Sadhguru would consider the need for a feel-good fix a selfish motivation, which is in his view attachment instead of love. Inversely, the continued commitment to another person once romantic homeostasis causes the highs to plateau would be in line with how he describes love.
There is a special sort of attachment scenario you may have heard of that is particularly unhealthy: co-dependency. Many experts describe co-dependency as feeling like something is missing within oneself that creates the need to be completed by another. Classic indicators of co-dependency are insecurity, not wanting to be alone or away from your significant other, and doing things in the interest of one's self.
What are similarities between love and attachment?
Love and attachment look nearly indistinguishable on the surface. If you go to a restaurant and look around at all of the different couples dining nearby, the couples who are in love aren't branded with a scarlet "L", and inversely there are no scarlet "As" on the attached couples. Love and attachment look very similar because they have a common origin: feelings. Our behaviors around our feelings of love and attachment are the same across the board.

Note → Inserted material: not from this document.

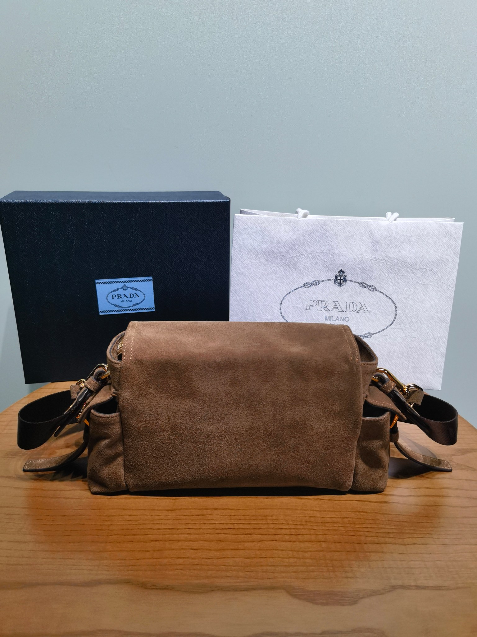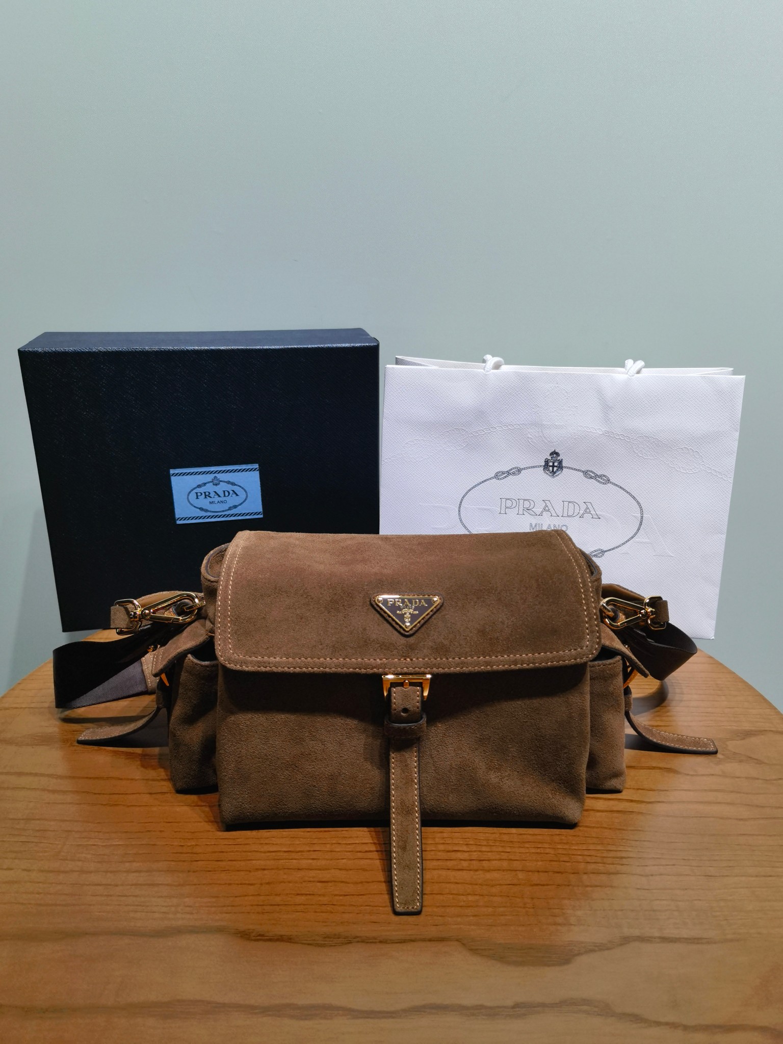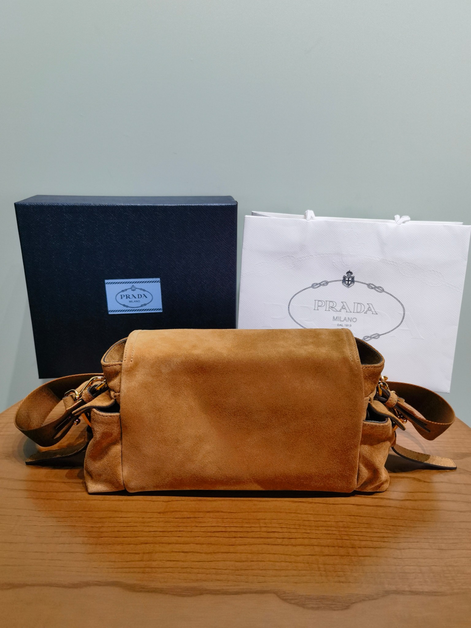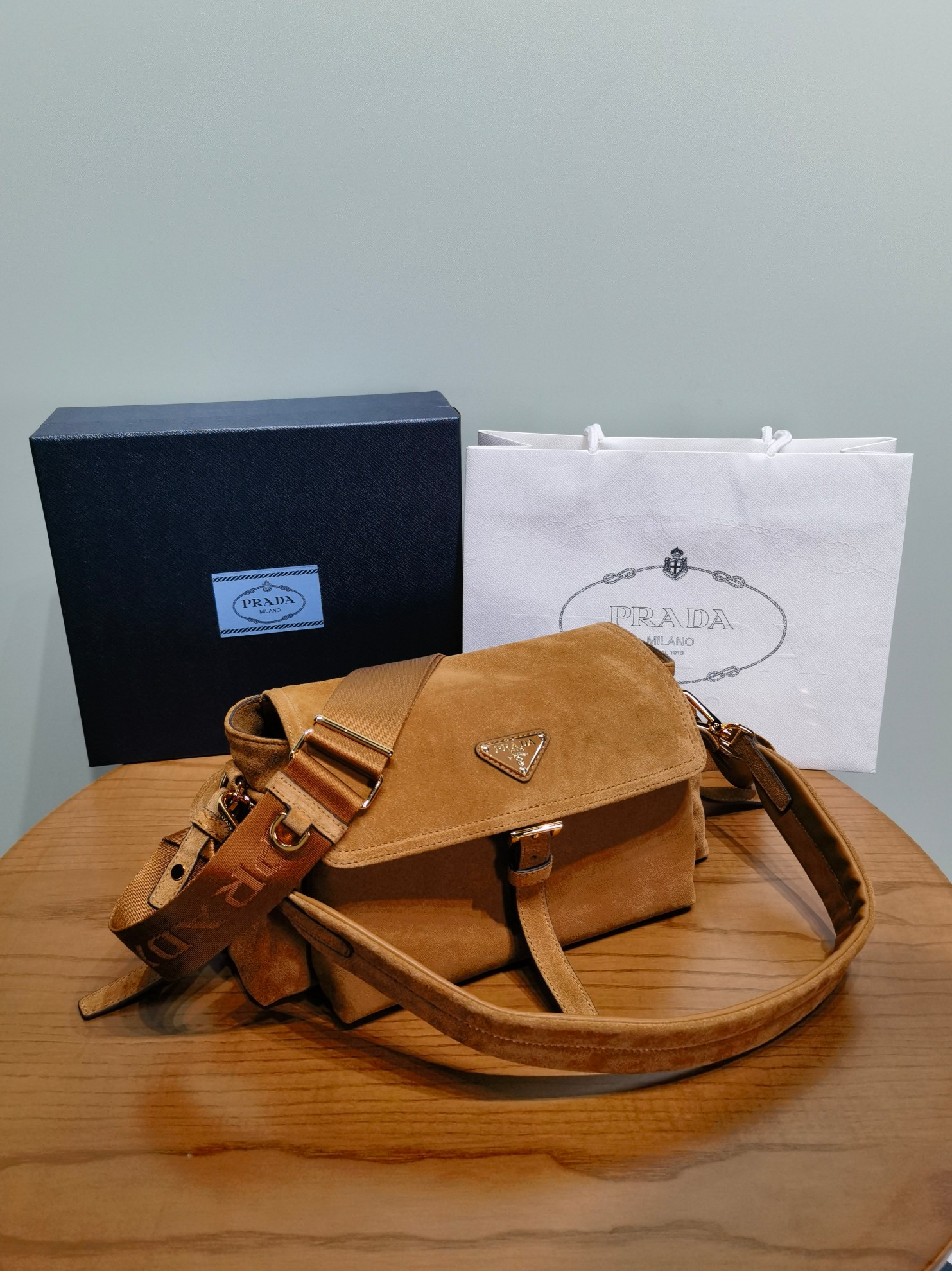 NIGO Prada Explore Men's and Women's Brand Logo Solid Color Suede Leather Messenger Bag Shoulder Bags #nigo78127

Candlelight, romance, looking our best, intimacy, and future planning are things you see in both scenarios.
What are the differences?
Although love and attachment look the same on the surface, once you slice them and look inside you see that they are actually quite different. Like comparing apples to oranges, you will find they have more dissimilarities than commonalities. The most notable difference between love and attachment is the motivation behind the feeling.

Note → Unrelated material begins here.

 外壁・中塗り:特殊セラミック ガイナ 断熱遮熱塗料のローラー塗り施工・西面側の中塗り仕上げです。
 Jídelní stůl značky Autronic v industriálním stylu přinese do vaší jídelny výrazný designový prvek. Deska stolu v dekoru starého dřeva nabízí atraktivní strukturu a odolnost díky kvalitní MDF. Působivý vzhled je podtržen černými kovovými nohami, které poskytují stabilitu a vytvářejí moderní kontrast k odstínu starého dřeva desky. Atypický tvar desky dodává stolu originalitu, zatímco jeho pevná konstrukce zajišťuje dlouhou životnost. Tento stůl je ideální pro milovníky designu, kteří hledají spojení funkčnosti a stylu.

To love is is to selflessly put feelings for another person out there. Love is felt and acted upon because it is pure and selfless. It is not interested in what can be gained.
Attachment is based in self-interest and the role another person can fulfill in your life. You may feel loving feels for someone but care more about what the relationship can do for you than the other person. In a co-dependent situation, a deep and anxious feeling of needing that person to be happy or fulfilled might be the motivation.

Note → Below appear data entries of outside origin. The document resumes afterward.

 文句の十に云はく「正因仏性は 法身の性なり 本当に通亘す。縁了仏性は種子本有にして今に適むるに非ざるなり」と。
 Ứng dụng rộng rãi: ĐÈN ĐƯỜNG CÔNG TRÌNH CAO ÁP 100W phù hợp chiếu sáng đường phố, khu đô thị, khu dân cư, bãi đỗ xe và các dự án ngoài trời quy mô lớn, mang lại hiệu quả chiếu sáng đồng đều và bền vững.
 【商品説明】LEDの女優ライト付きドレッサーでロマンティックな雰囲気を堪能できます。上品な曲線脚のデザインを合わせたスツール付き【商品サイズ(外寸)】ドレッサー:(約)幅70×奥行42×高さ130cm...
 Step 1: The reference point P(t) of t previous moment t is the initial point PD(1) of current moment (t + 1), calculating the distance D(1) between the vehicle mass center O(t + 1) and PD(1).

Maybe you are with someone with whom you enjoy spending time and have similar interests. Maybe you have a fantastic intimate bond, and you think you would not be able to find a person better, or that your family approves of more. The nature of this relationship is attachment because the motivation for committing to this person is because you don't want to end up with someone less desirable, or end up alone. This is rather selfish if you think about it. Neither person has the opportunity to find true love if the relationship operates under a self-serving pretense.
Can I love without being attached?
Not only is it possible to love someone without feelings of attachment, according to many experts including Sadhguru, it is also the preferred path to a spiritually fulfilled life. In this view, love is inherently fulfilling as it is a stroke of truth in an inscrutable world, and comes from a place of security.
Can I be attached without loving the person?
Knowing what we now know about love vs. attachment, it should go without saying that you can be attached without actually loving someone. Why? Because love is a selfless act, and attachment is selfish. You are manipulating a person into being what you want them to be for you when you are attached, rather than loving them as they are for the sake of, well, loving.
If not love nor attachment, what other feeling could I probably be experiencing?
Not all feelings, romantic or otherwise, fall into the categories of either love or attachment. There are many other feelings you may be having. Outside influences, such as substance use and past relationships, can affect your feelings as well.
I want to leave you with a statement from our Yogi, Sadhguru, "Love is like a flower in your hands. You must be constantly aware how you move your hands...you must move gently."